Characterstics of intrusion-detection systems:

Performance:

The performance of an intrusion-detection system is the rate at which audit events are processed. If the performance of the intrusion-detection system is poor, then real-time detection is not possible.

Completeness:

Completeness is the property of an intrusion-detection system to detect all attacks. Incom-pleteness occurs when the intrusion-detection system fails to detect an attack. This measure is much more difficult to evaluate than the others because it is impossible to have a global knowledge about attacks or abuses of privileges. Let us introduce two additional properties:

Fault tolerance:

An intrusion-detection system should itself be resistant to attacks, especially denial-of-service-type attacks, and should be designed with this goal in mind. This is particularly important because most intrusion-detection systems run above commercially available operating systems or hard-ware, which are known to be vulnerable to attacks.

Timeliness:

An intrusion-detection system has to perform and propagate its analysis as quickly as possible to enable the security officer to react before much damage has been done, and also to prevent the attacker from subverting the audit source or the intrusion-detection system itself. This implies more than the measure of performance because it not only encompasses the intrinsic processing speed of the intrusion-detection system, but also the time required to propagate the information and react to it.

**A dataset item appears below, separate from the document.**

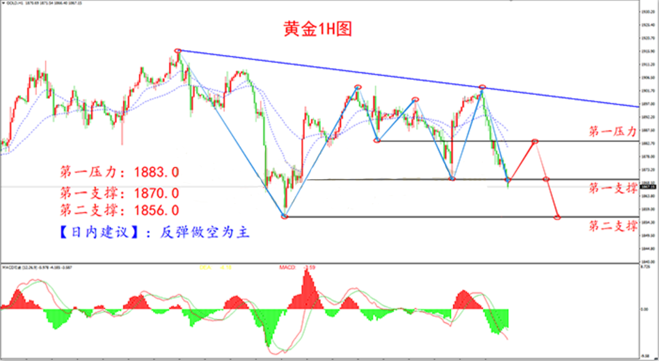 空單:1883.0附近嘗試做空,止損1888.0,目標(biāo)1870.0、1856.0附近。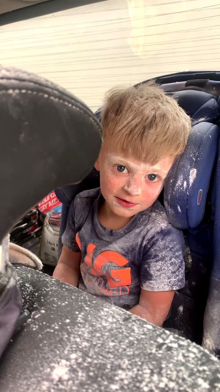"Three Rows of Oh-No's" When a mom turns her back on her vehicle to talk to a friend, a young boy makes a mess with a bag of flour and covers the seats and other children in the car with it. They boy says, "mama, I was just cleaning your car."

Protection of the intrusion-detection system

When an intrusion-detection system is deployed, it becomes the natural primary target of hostile attacks, with the aim of disabling the detection feature and allowing an attacker to operate without being detected.

Disabling the intrusion-detection system can happen in the following ways:

Denial-of-service attacks:

Denial-of-service attacks are a powerful and relatively easy way of temporarily disabling the intrusion-detection system. The attack can take place against the detector, by forcing it to process more information than it can handle (for example by saturating a network link). This usually has the effect of delaying detection of the attack or, in the worst case, of confusing the detector enough so that it misses some critical element of the attack. A second possibility is to saturate the reaction capability of the operator handling the intrusion-detection system. When the operator is presented with too many alarms, he can easily miss the important one indicating penetration, even if it is present on the screen.

Evasion of the detection:

Several techniques have been developed to evade detection of an attack by intrusion-detection systems. Network-based tools, the most popular tools today, particularly suffer from these attacks involving hand-crafted network packets:

Attack by IP fragmentation:

Intrusion-detection systems have difficulties reassembling IP packets. Therefore, splitting an attack artificially into multiple packets creates a mismatch between the data in the packet and the signature, thus hiding the attack.